The task: Although the data below contains pictures, output only the lines between those holding "Зеркало с рамкой" and "Агрегат на окошке", inclusive, exactly and without those pictures.

Data for this exercise:
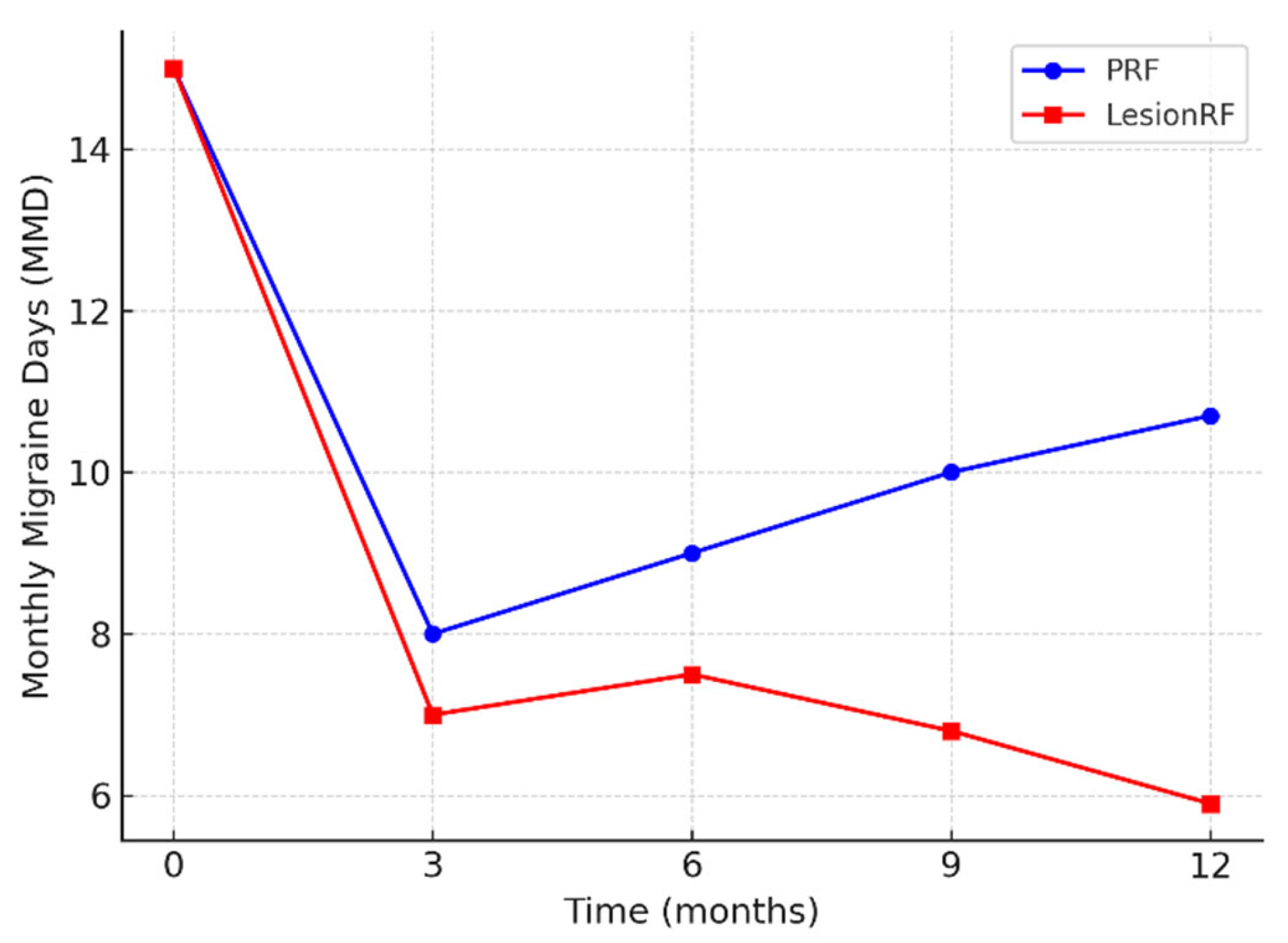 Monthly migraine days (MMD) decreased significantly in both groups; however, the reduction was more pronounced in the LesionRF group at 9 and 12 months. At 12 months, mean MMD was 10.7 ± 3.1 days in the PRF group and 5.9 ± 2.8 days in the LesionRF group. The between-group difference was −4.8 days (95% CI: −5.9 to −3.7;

* * *

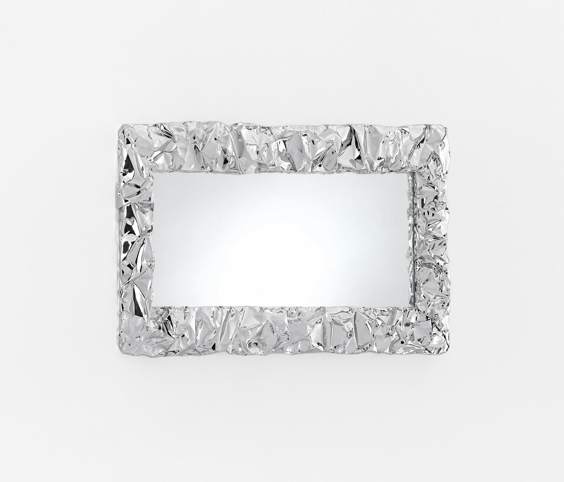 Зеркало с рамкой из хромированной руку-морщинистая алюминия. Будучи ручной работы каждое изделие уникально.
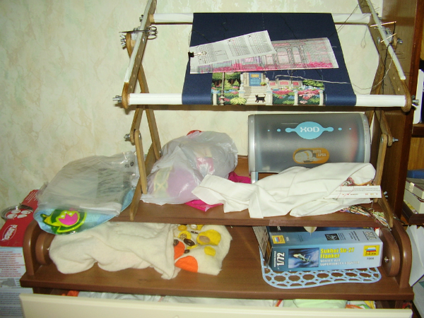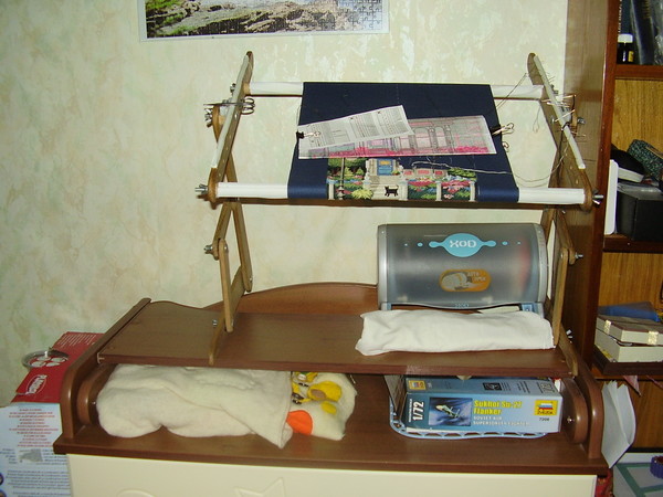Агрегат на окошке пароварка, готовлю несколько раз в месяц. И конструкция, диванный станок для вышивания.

* * *

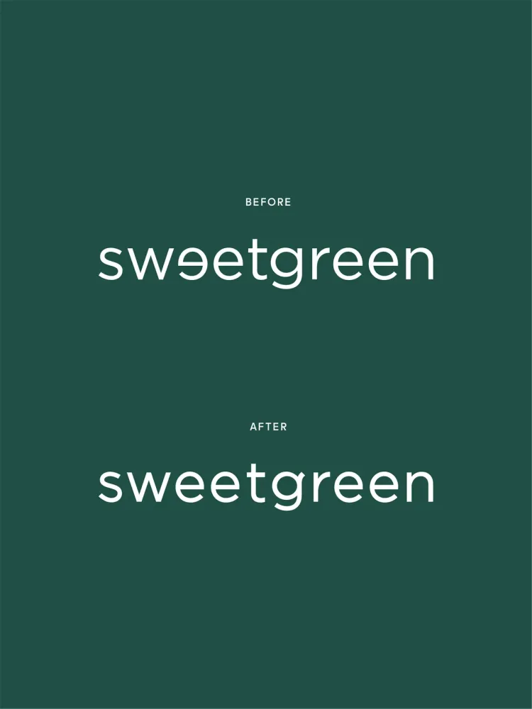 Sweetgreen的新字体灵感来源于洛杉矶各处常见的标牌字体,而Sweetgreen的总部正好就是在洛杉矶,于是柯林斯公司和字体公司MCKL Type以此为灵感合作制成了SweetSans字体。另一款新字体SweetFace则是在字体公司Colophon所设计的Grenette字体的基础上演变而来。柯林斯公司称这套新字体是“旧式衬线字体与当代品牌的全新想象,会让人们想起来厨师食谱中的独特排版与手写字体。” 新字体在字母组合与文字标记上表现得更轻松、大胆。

Exercise result:
 Зеркало с рамкой из хромированной руку-морщинистая алюминия. Будучи ручной работы каждое изделие уникально.
Агрегат на окошке пароварка, готовлю несколько раз в месяц. И конструкция, диванный станок для вышивания.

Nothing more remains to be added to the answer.